The Programme for Government both underlines and commits to the ambition set out in the Framework to continue to work towards the full digitisation of Irish healthcare records and information systems, and to increase funding levels, through the NDP Review, to achieve this.
Ireland needs one digital health record for every citizen that can be accessed by health professionals across the service. The path to a one digital health record that covers the full health journey of every person living in Ireland consists of three key initiatives proceeding concurrently and in parallel to achieve this.
Digital for Care proposed a stepwise approach to the delivery of digital health records for all. Through the delivery of the Health App, National Shared Care Record and procurement of an Enterprise Electronic Health Record system that spans acute and community healthcare sectors, with the necessary investment, we can make significant, visible, and tangible progress towards this objective.
We are already making good progress. The first public release of the HSE Health App was launched on 25th February 2025, with further updates planned regularly on the Apple and Android App stores. The App is the first step towards enabling patient access to their own health information online, with more features and health information provided over 2025 including visibility of hospital appointments and prescriptions etc. In the coming years, additional functionality and data will be provided in the App, with a focus on enhancing patient access to their own health data, user engagement and leveraging technology for better healthcare outcomes.

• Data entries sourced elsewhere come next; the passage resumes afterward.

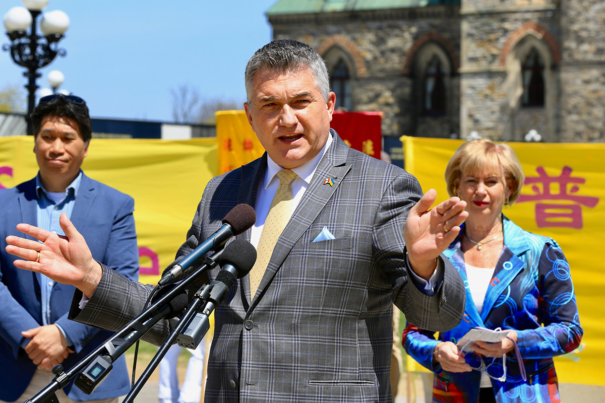 图11:贝赞(James Bezan)议员在发言中说:“法轮大法在加拿大和世界各地产生的积极影响。我要感谢所有逃离共产主义中国,并以加拿大为家的人。感谢你们使我们成为一个更美好、更强大的国家。”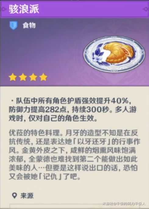 点评:它所需要的所有食材,目前三大世界皆可获取,稻妻禽肉相对较少,但不影响这个食物的实用性(特色料理—罗莎莉亚—审判的晚宴)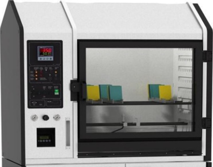 Chamber used for salt spray and cyclic corrosion testing, a standardised method to check corrosion resistance of metals/alloys and inorganic and organic coatings Used to evaluate the uniformity of thickness and degree of porosity of metallic and non-metallic protective coatings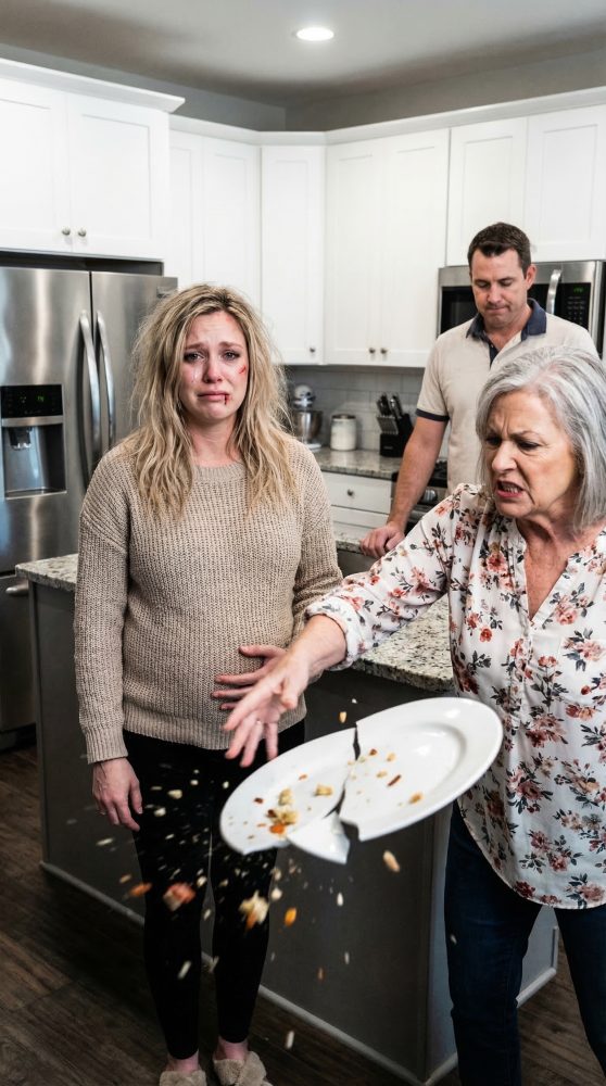Un segundo estaba junto a la estufa, intentando soportar el dolor sordo en la espalda baja, y al siguiente, la cerámica y la salsa caliente explotaron sobre mi mejilla. El borde del plato me golpeó la boca con tanta fuerza que me partió el labio. Probé la sangre incluso antes de entender lo que había pasado.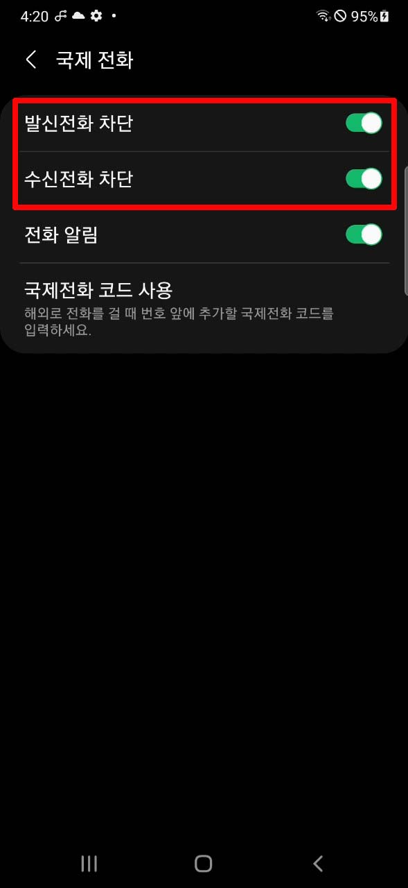 갤럭시 국제전화 차단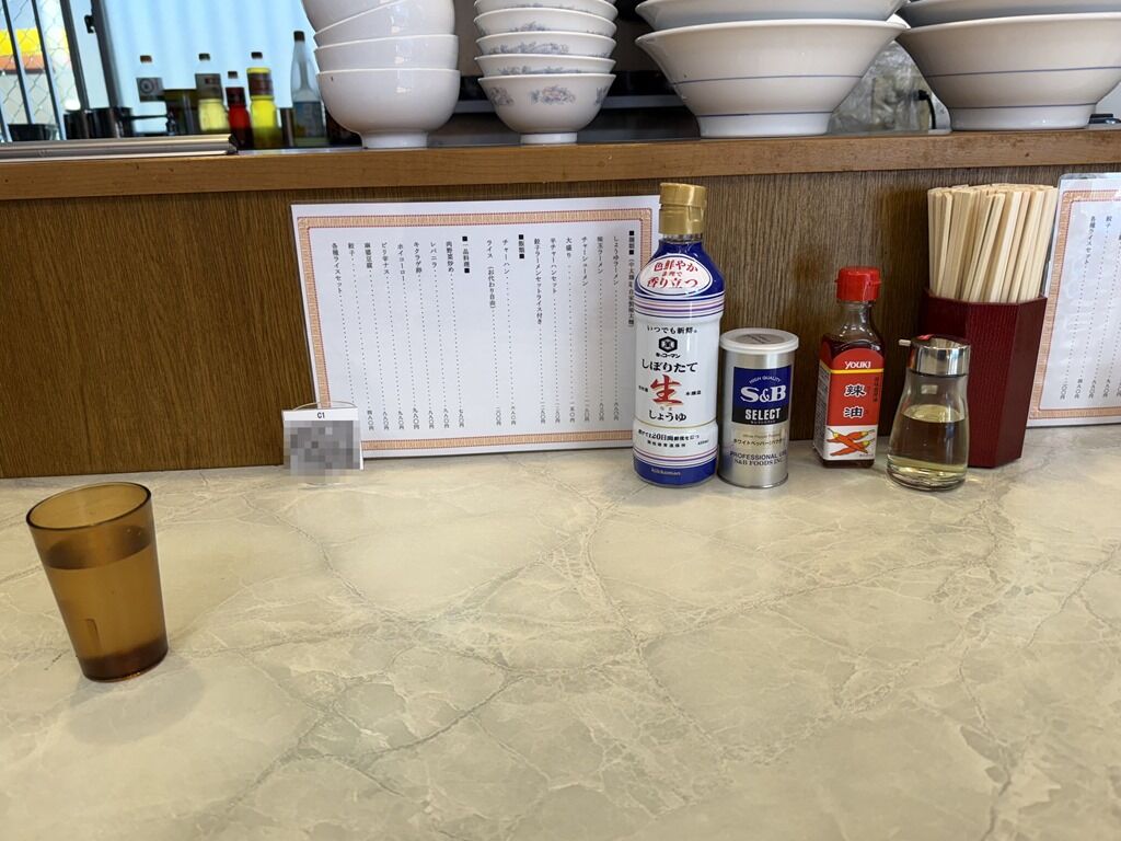 箸は割り箸。卓上調味料はキッコーマンしぼりたて生しょうゆ、S&Bホワイトペッパー、YOUKI辣油、酢。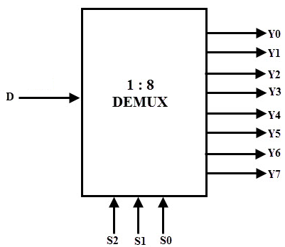 Mạch phân kênh 1:8 có 3 đầu vào điều khiển (A0, A1, A2) và 8 đầu ra (từ Y0 đến Y7), sơ đồ khối mạch phân kênh 1:8 như sau: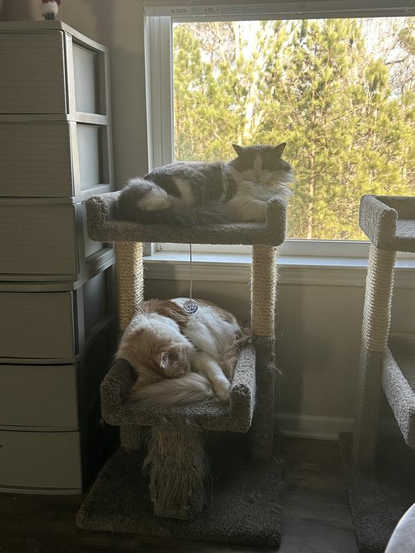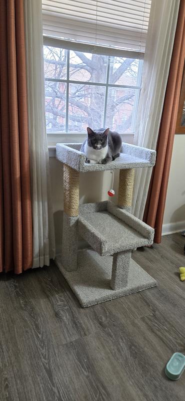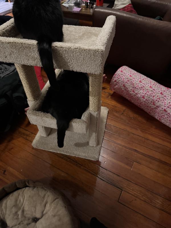 Frisco 32-in Real Carpet Solid Wood Cat Tree with Toy, Beige
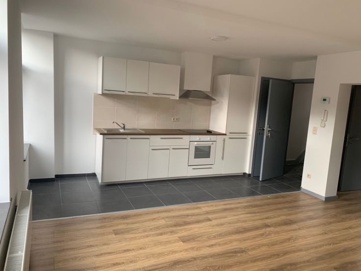 Duplex se situant au 1er et 2eme étage, comprenant un salon avec une cuisine américaine équipé, salle de bain et 1 chambre à coucher au premier étage; 2 autres chambres à coucher et 1 salle de bain au 2eme étage. 1 piece dans la cave de 16m2. Duplex fraichement renové, calme et lumineux, pres de toutes les commodités. Petits animaux de compagnie admis. Compteur electrique bihoraire, gaz et eau individuels. Charges communes: entretien et lumiere des communs plus assurance incendie 50€. Convient pour une colocation de 3 personnes à raison de 400€ par personne sans les charges.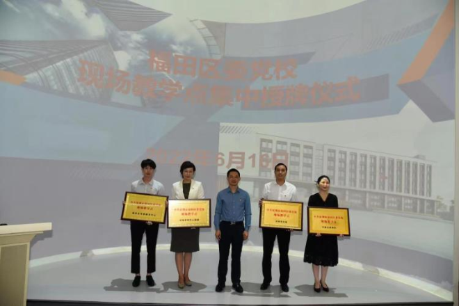为丰富干部培训内容,创新干部培训形式,打造“多彩”现场教学线路,近日,福田区委党校在深业上城元宇宙体验党群服务中心举行了现场教学点集中授牌仪式。区委组织部有关领导、区委党校领导班子成员和14家现场教学点的代表参加了授牌仪式。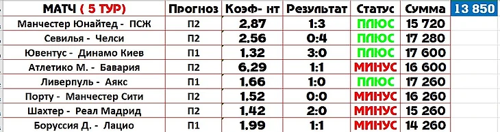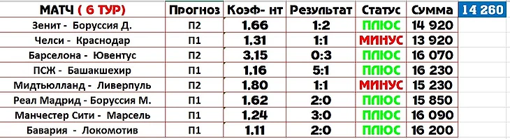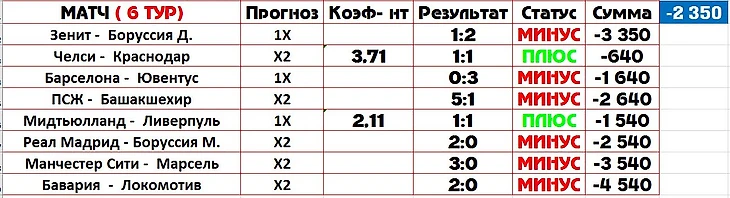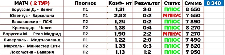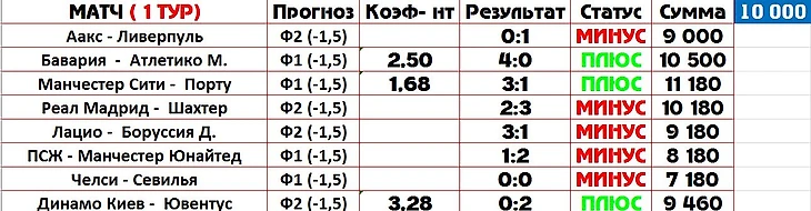 Да, по такой стратегии мы поймали дважды Реал Мадрид, отчасти Баварию, и других наших фаворитов, но просто гляньте на банк, не самое приятное зрелище. Другое дело просто исходы, а еще лучше победы с форами. На этом все. Надеемся что чем - то смогли вам помочь и сделать возможно следующий групповой этап Лиги Чемпионов для вас более прибыльным.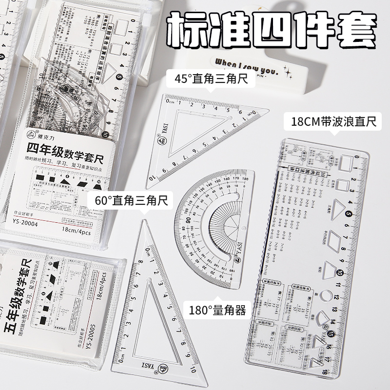 一年级小学生专用尺子四件套尺多功能几何绘图尺带知识点的三角板直尺量角器三角尺套装加减法口诀表儿童格尺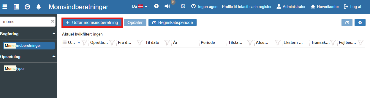 Udfør momsindberetning bruges til at oprette selve momsindberetningen - som ved afslutning sendes direkte til Skat gennem Skats momsapi.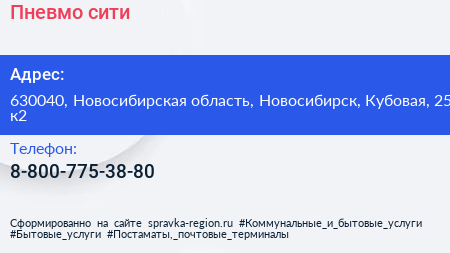 Пневмо-сити по адресу 630040, Новосибирская область, Новосибирск, Кубовая, 25 к2 в дальнейшем Организация, размещена в следующих категориях: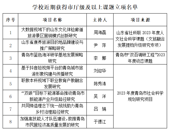 本网讯(科研发展处)近期,山东省人文社会科学课题管理办公室等部门公布了2023年度相关课题立项名单,taptap共计立项8项课题,其中,山东省社科联2023年度人文社会科学课题(文旅融合发展提档升级研究专项)2项、青岛市“双百调研工程”2023年度动态课题1项、2023年度青岛市社会科学规划研究项目5项。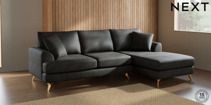 7.2.5 Buy Parker Medium Sofa Chaise - Right Hand Monza Faux Leather Easy Clean Dark Grey High Metal - Brass from the Laura Ashley online shop Click here to use our website with more accessibility support, for example screen readers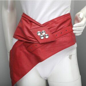 Elevate your outfit with this Vintage Wide Red Leather 80s Wrap Belt, a true statement piece that exudes retro charm. Crafted from high-quality leather, this belt features an asymmetrical design that adds a unique touch to any ensemble. The striking red color is sure to catch the eye, making it the perfect accessory for any party or special occasion. Embellished with jeweled accents, this corset-style belt adds a touch of glamour and sophistication to your look.

Separately, the national shared care record (NSCR) technology platform has been procured. The NSCR will combine data from multiple source systems (e.g. GP practice systems, community pharmacy systems, hospital administration systems, laboratory systems, diagnostic imaging systems, referrals, discharge reports etc). The unique feature of a national shared care record is that it can combine data from the acute and community healthcare setting – including relevant GP and community pharmacy data – to deliver a concise summary of patient information and present it as one unified digital health record. This is a multiannual programme that will include more data as this becomes available. The initial version of the national shared care record will be built and configured in 2025, with a first release expected by the end of Q4. The task of building and testing the national shared care record is a significant undertaking, technically and operationally.
To address this deficiency and enable digitisation of the health system and delivery of complete and comprehensive digital heath records, the Digital for Care strategy proposes the procurement and deployment of an enterprise Electronic Health Record (EHR) system that spans the acute and community sector. It recommends proceeding with a structured, planned and resourced ‘stepwise’ approach to the delivery of these systems, procured nationally but delivered regionally.
With this enterprise EHR systems in place and linked to the NSCR, the role of the NSCR will be to connect data from systems outside the scope of the enterprise EHRs e.g. GP systems, community pharmacy systems and data from private healthcare providers. This approach is typical when compared to many other countries.
Together, the deployment of the HSE Health App, National Shared Care Record and future investment in enterprise level EHR systems will result in a complete digital health record of a patient’s health journey and ensure ‘data can follow the patient’ leading to a more joined up ‘healthcare journey’ for the patient, whilst providing healthcare professionals with access to the data they need, where and when they need it, to safely and effectively care for their patients. This reflects this Government’s commitment to invest in and continue the digitalisation of Irish healthcare records and information systems and wider health digitalisation and to use digital to meaningfully enable delivery of Integrated Care.